It was enough for this moviegoer.

I'd dearly love to know what Cole Porter would have made of the gay "marriage" movement, since he had a gay marriage of an old-fashioned sort that did, even though the Porters were periodically separated, ultimately, work.

P.S. Chuck Colson, whom I admire, holds an extremely different opinion of "De-Lovely." Colson thinks that the Porters' relationship, as shown in the movie, foreshadows a detrimental change in our attitude towards marriage:

"The prospect of a marriage where children, permanence, and fidelity are in doubt is supposed to make us pity Linda Porter," writes Colson in a column headlined "De-Lovely Couples," "even if she was complicit in her own plight. After all, who would opt for such an arrangement? Well, according to one scholar, many Americans have. And understanding how and why this is the case is crucial to understanding the push for same-sex 'marriages.'"

"According to Bryce Christensen of Southern Utah University, homosexuals don't want marriage, at least not marriage as understood for most of the past two millennia. They want what 'marriage has become' as a result of cultural changes and bad policy choices."

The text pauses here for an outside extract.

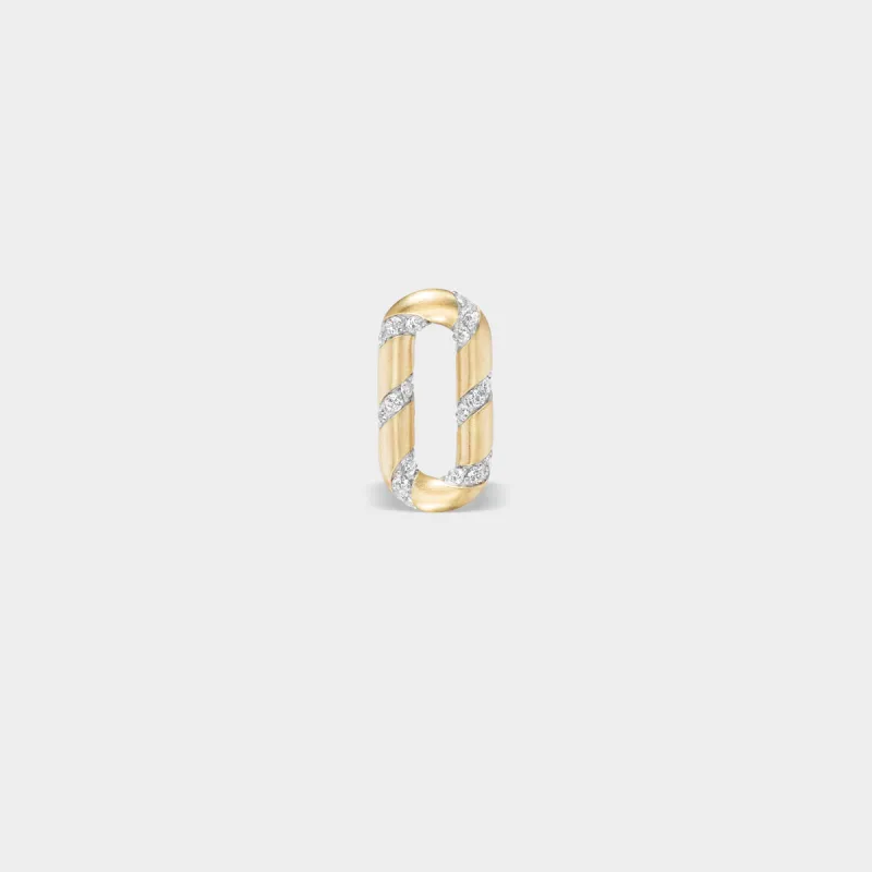 Crafted from luxurious 14k white gold, this small link pendant features a satin finish and is adorned with lab-grown, round diamonds. Measuring 19mm long, it offers versatility, allowing for a vertical drop on a single chain or a horizontal drop between two chains. Stack multiple pendants in various colors for a bold, personalized look that captures attention. Illuminate your style effortlessly with this contemporary accessory, perfect for both casual and formal occasions. From the brand: The small link pendant can be worn as a vertical drop on a single chain, or a horizontal drop between two chains. For a bolder look that's all yours, stack a few in mixed colors. DETAILS Handmade in 14k white gold Satin finish Lab-grown, round diamonds Charm is 19mm long Pair with a single or double 1.5mm Cable Chain .57 TCW: G+, VVS+ Contact custom@fiametta.com for colors not listed here

Just for the record, in the movie the Porters, inspired by the happy familial life of their friends Gerald and Sara Murphy, attempt to have children of their own.

Not an Odd Duck

The media is determined that the U.S. mission in Iraq fail. In a piece headlined "Paint it Black," Investor's Business Daily (yes--it's read by capitalists) notes, "No wonder the president doesn't find time to read or listen to what the media say about him. The coverage has gotten so unremittingly negative that he'd be a pretty odd duck if he did."

Luther or Leonardo?

Nothing drives Loose Canon madder that the oft repeated and unthinking refrain that what Islam needs is a Reformation. This was a favorite opinion a few months ago among the deep thinkers who do TV and radio commentary.

The problem, folks, is that Islam has already had its Reformation. As Stephen Schwartz, who shares LC's chagrin on this matter, notes:

[I]t is common to hear Westerners, who have read a few polemical articles and imagine themselves great experts on Islam, calling for 'an Islamic Reformation,' and an 'Islamic Luther.'

Other such are horrified to hear the argument, which is quite widespread among informed non-Muslim scholars as well as Muslims, that Islam already has a movement comparable to the Reformation, and had its Luther, or better, its John Calvin, in the form of Wahhabism and its founder, Muhammad ibn Abd al-Wahhab. That is, the Islamic Reformation exists in the ultra-extremist cult that is the state sect in Saudi Arabia and the inspirer of al-Qaida. Wahhabis themselves are quite pleased by the comparison. Is this really so difficult to understand?
But if Islam has already undergone its Reformation, what's to be done?

"Islam needs to find its way to progress and prosperity, but in my view that way lies through a Renaissance, not a Reformation, and by way of a Leonardo, not a Luther," writes Schwartz. "Luther and his Reformation led to the kind of religious wars we all seek to avoid today, if we have any sense."

How I Luv Ya, How I Luv Ya, Ralph

Every morning Loose Canon thanks the Lord for that butterfly ballot. Next, she gives humble and hearty thanks for the continuing good health of Ralph Nader.

Nevertheless, Joe Conason's New York Observer piece on Nader does capture a certain pathos (or bathos?) in the old lib crusader's falling in with the likes of me.

"You don't have to be a Marxist," writes Conason, "to remember what may be the most widely quoted (and misquoted) passage from the works of Karl Marx: "Hegel says somewhere that all great events and personalities in world history reappear in one way or another. He forgot to add: the first time as tragedy, the second as farce."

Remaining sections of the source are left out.